Emergency contraceptive pills (ECPs) have been available since the 1960s, but service delivery protocols were not standardized, many providers did not know about this method, and access has been limited. The safety and effectiveness of ECPs has been well documented (ACOG, 1996; Trussell, 1996; Van Look, 1996) . While several specially packaged products (including PC4, Postinor-2, Preven, and Plan B) have become available in some countries, it is also common practice to use special elevated doses of regular oral contraceptives (see the Emergency Contraception Web Site at opr.princeton.edu/ec/ec.html for information on correct dosages). While the "Yuzpe" regimen (ethinyl estradiol plus levonorgestrel or norgestrel) is most commonly used, research has shown that progestin-only regimens are equally or more effective. Furthermore, a 1998 WHO study that evaluated the safety and efficacy of the Yuzpe regimen and a levonorgestrel-only regimen found that levonorgestrel-only ECPs caused significantly fewer side effects (WHO, 1998; PATH/Outlook, 1999). Research also has shown that the regimen should be started as soon as possible after unprotected sex to maximize effectiveness.

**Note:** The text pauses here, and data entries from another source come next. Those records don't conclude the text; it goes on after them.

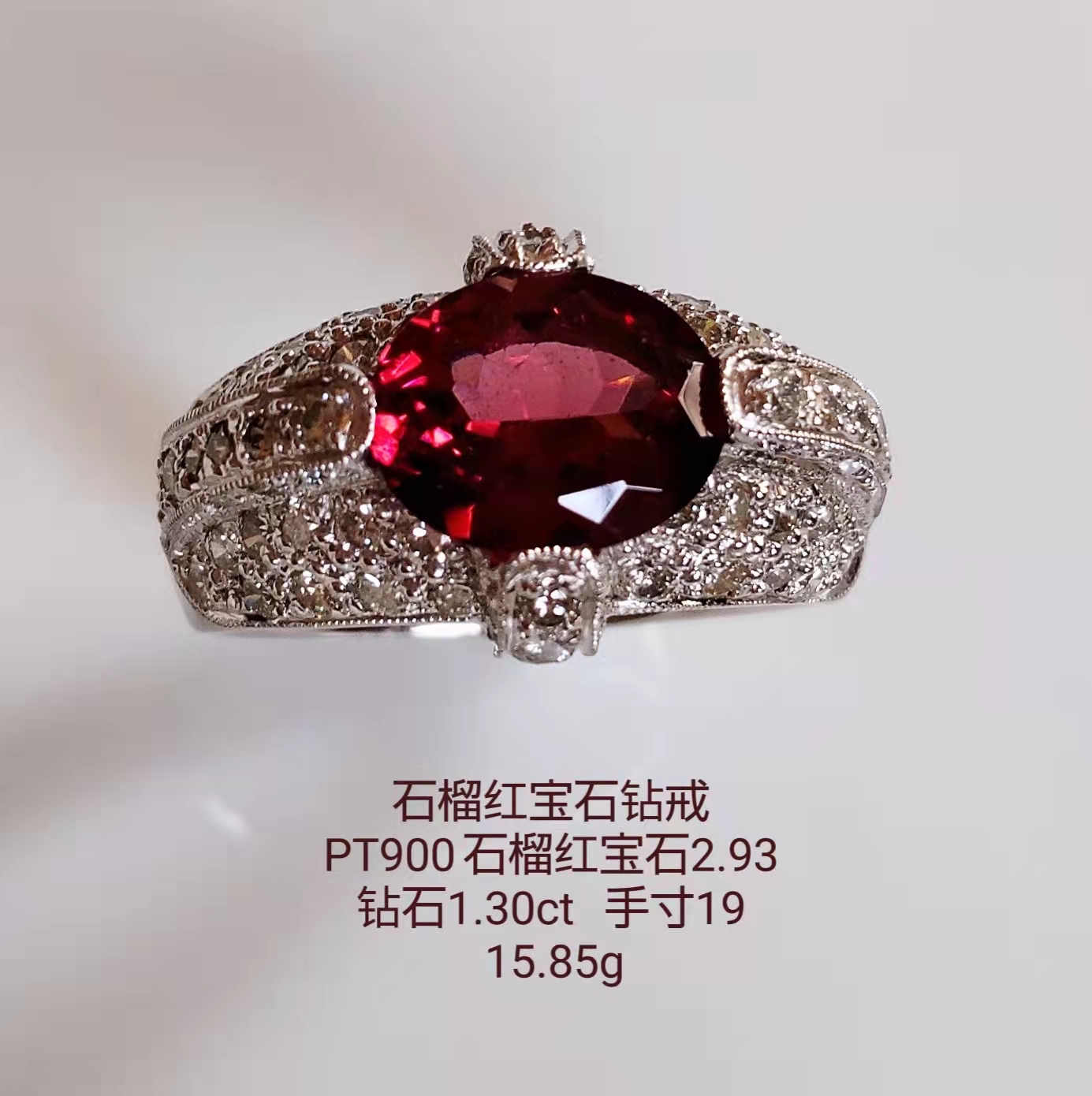 19,石榴红宝石钻戒    PT900    石榴红宝石2.93    钻石1.30ct    手寸19    15.85g
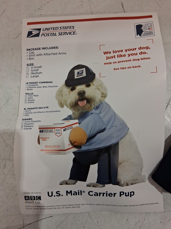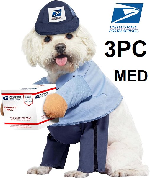 3pc usps united states postal service u.s. mail carrier pup Halloween costume - medium - blue
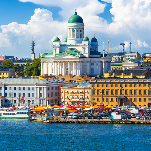 Départ pour une visite d’une demi-journée de la capitale finlandaise incluant Senaatintori, le magnifique ensemble architectural de la place du Sénat. Une œuvre d’art de style empire. Nous continuerons vers le Kauppatori, pittoresque place du marché, en bordure du port, caractérisée par une abondance de fleurs, fruits et marchands affairés. Helsinki est très riche architecturalement, avec notamment la cathédrale de Tuomio kirkko construite au 19e siècle, dotée d’une imposante coupole en cuivre. Enfin, nous passerons devant la cathédrale orthodoxe Uspenski de style néo-byzantin qui dresse sa puissante masse de briques rouges dans l’île Katajanokka. Par la suite, visite de l’église de Temppeliaukio, conçue par les architectes Timo et Tuomo Suomalainen, qui a la particularité d’être creusée dans la roche naturelle avec un dôme laissant entrer la lumière. Achevée en 1969, elle est aujourd’hui une des attractions principales de la ville.

Several efforts are underway to help providers understand the service delivery implications of providing emergency contraception and increase overall access to ECPs (Consortium for Emergency Contraception, 1997; Population Council, 1999; PATH/Outlook, 1996). Key issues of interest include the following: whether making ECPs more widely available will serve as an effective bridge to regular contraceptives; what level of health care provider can dispense ECPs; whether advanced distribution of ECPs will encourage non-use of regular family planning methods; whether additional pill formulations also are effective as ECPs; how to reduce barriers to access; and how to best reach women and service providers with information about ECPs. In the U.S. state of Washington, pharmacist prescribing of ECPs is being evaluated as a method of improving access to services (PATH, 1999).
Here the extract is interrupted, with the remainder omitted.